誰が殺した、コミックロビン? (その2)

「『ロビン』が出なくなっちゃったんだ…」
山田編集長から告げられたそれはあまりにも意表を突いた一言だった。
都の条例だったかに「有害図書指定」というのがある。
たとえば月刊誌においてこれに抵触したと見なされた場合、一度目は警察署に「お呼び出し」がかかり厳重注意だが、三度連続してひっかかると今度はいよいよその雑誌は「有害図書」として指定を受け、向こう三ヶ月だったか、『未成年にはお売りできません』という帯なりマークをつけねばならなくなる。
これをやられると、流通やコンビニ等の小売り店が置くのを嫌がるのだ。
流通に乗せられない、ということはつまり実質的には廃刊を余儀なくされてしまうということだった。
かつてこれを喰らった例として久保書店レモンピープル」があった。彼の誌はどうにか廃刊は免れたのだが。
だが通常、それは発行された出版物に対してされるもので、「コミックロビン」は発行されたどころか、今回新創刊される雑誌だった。
当然「お呼び出し」なんぞはかかってはいない。
まさに鳩が豆鉄砲を喰らったような状態の僕に、山田さんは続けた。
「…印刷が上がって、部長にホンを見せたら…"消し"が少なすぎるって…で、すぐに会議にかけられて…ストップがかかっちゃったんだ」
"消し"とは局部描写の修正のことだ。山田さんにとって「ロビン」は実質的に初めての責任編集となる雑誌だった。言ってしまえば、その意気込みの度が過ぎてしまったのだろう。
その日、山田さんは「ロビン」の断裁に立ち会い、その足で各作家に説明しに走り回っていたのだった。
「ロビン」はB5版だったので、それまでの(確か1万5千部くらいだった)「ラム」「ルナ」よりも遙かに発行部数は多かったはずだ。新創刊だし、3〜5万は刷っていたのではないだろうか。
ちなみにこの当時のトップを誇っていた辰巳出版ペンギンクラブ」は公称18〜20万部。
「コミックロビン」は、流通する前に自主規制によって闇に葬られた本となった。

否、だが極く極くわずかにだが、販売した事実はあった。
世には発売日の前に特定の書店に本が並ぶ「早売り」というのがある。細かいシステムは知らないが、この「早売り」が「コミックロビン」でも行われていた。神保町のコミック専門の老舗・高岡書店。
発売前日、そこで「ロビン」が並んでいたのを僕は目撃している。もちろん、その翌日には回収されてしまったはずだが。
そこで販売されてしまった数十冊と、山田さんが執筆作家に渡すために断裁のときに密かに抜き取った分、おそらくは併せて50冊前後。残ったのはそれだけ。
今この本を見てみると、これがどうして"消し"が少ない、過激すぎる、となるのか判らないほど大人しく見える。昨今ではもっともっと激しい内容のモノが平気で毎月大量に流通しているということだ。
確かにゾーニングも一般化し、15年以上前とは状況も違うのだろうが…
エロ表現の許容・認知度も、時代と共に変わる、といういい例である。


実質的に1000万から1500万円程度の損害を会社にもたらしてしまった山田さんは、辞表を書いたらしい。だが逆に「損を取り戻すまでは辞めさせねーぞばかやろう」と減首を免れる。

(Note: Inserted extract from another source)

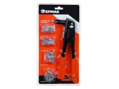 Заклепочник 225 мм в комплекте с набором заклепок 2,4 / 3,2 / 4,0 / 4,8 мм. 4 сменные насадки, 60 заклепок в наборе. Все необходимое для работы. ЕРМАК.

数ヶ月を経て、司書房からは「コミックドルフィン」が創刊。
創刊時、表紙イラスト・うめつゆきのり、デザイン・レイアウトには西崎まりの。「ロビン」とまったく同じコンセプトだった。もちろん、責任編集者は山田さん。
今も表紙の隅にあるのかどうかは知らないが、「ドルフィン」の創刊号にはイルカのマスコットが描かれていた。「ロビン」でも作られたコマドリのマスコットと同じく、これを作ったのは西崎まりのだったと僕は記憶している。もちろん、表紙の『ドルフィン』のロゴも。

だがこのゴタゴタの期間に、僕はコミックハウスからのオファーを受け、やがて同社編集・メディアックス発行の「花いちもんめ」へと移籍していく。司書房コミックハウスとは、コミックハウスの宮本社長が山田さんをマージャンに誘いにわざわざ司編集部にやって来るほど目と鼻の先にあったが、僕が司に足を運ぶことは次第に減っていった。
山田さんとまりのさんとの仲も、理由は知らないがまりのさんが(おそらくギャランティ、予算についての折り合いからだったと想像するが)「ドルフィン」のデザイナーを降板したころをきっかけに次第に疎遠となり、西崎宅には顔を出さなくなっていく。

コミックドルフィン」は現在も続く老舗雑誌となった。今でも高塚さのりは司の編集部に出入りし、「ドルフィン」の巻末目次ページに四コマ漫画を描いている。


あれから15年以上の時が流れた。もうこの顛末も時効だろう。